▸ Required action
Each line from the first line of the entries through the line holding "9月19日,张家口市风氢一体" is to be restated word for word; nothing else, and no picture, belongs in the answer.

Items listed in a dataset
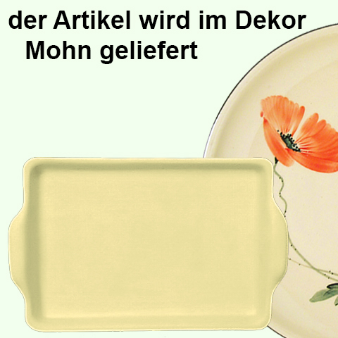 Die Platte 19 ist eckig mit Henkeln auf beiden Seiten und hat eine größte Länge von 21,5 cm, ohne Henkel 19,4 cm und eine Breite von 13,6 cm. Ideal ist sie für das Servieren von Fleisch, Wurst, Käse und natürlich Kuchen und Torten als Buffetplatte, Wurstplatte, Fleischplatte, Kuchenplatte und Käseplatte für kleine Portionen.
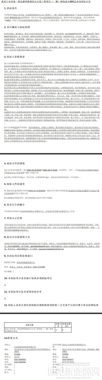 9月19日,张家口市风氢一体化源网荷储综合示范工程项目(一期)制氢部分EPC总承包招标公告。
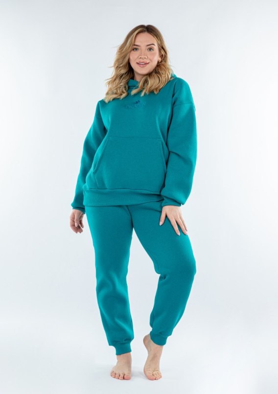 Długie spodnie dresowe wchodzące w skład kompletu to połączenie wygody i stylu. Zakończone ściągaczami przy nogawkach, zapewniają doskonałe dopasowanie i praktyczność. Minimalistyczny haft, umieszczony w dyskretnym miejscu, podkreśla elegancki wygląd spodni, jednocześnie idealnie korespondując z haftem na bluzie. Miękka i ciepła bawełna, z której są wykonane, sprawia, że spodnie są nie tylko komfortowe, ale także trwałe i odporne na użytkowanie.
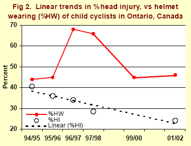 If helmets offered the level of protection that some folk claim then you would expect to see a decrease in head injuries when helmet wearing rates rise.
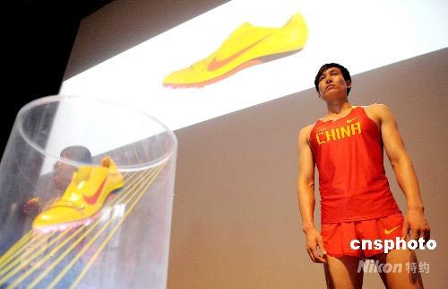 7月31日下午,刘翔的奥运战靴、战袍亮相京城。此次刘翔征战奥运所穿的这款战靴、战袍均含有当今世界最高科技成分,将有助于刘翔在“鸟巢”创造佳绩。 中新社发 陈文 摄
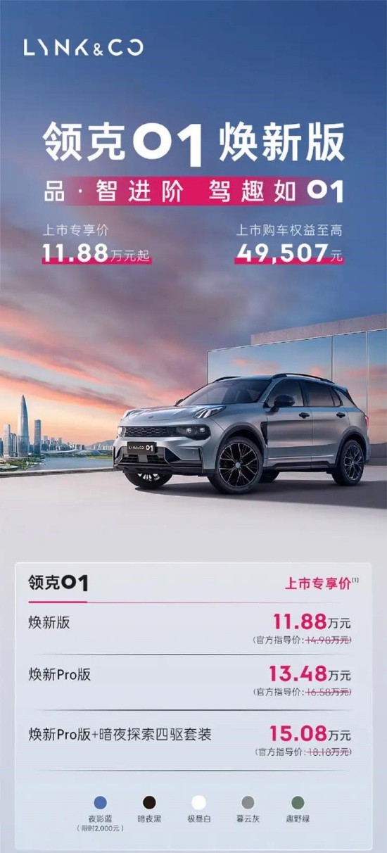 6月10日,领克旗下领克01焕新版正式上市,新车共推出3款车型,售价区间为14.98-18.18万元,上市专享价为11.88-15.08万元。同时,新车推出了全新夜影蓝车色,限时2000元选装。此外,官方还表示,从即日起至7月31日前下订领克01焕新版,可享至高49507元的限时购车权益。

▸ Answer for this exercise
 Die Platte 19 ist eckig mit Henkeln auf beiden Seiten und hat eine größte Länge von 21,5 cm, ohne Henkel 19,4 cm und eine Breite von 13,6 cm. Ideal ist sie für das Servieren von Fleisch, Wurst, Käse und natürlich Kuchen und Torten als Buffetplatte, Wurstplatte, Fleischplatte, Kuchenplatte und Käseplatte für kleine Portionen.
 9月19日,张家口市风氢一体化源网荷储综合示范工程项目(一期)制氢部分EPC总承包招标公告。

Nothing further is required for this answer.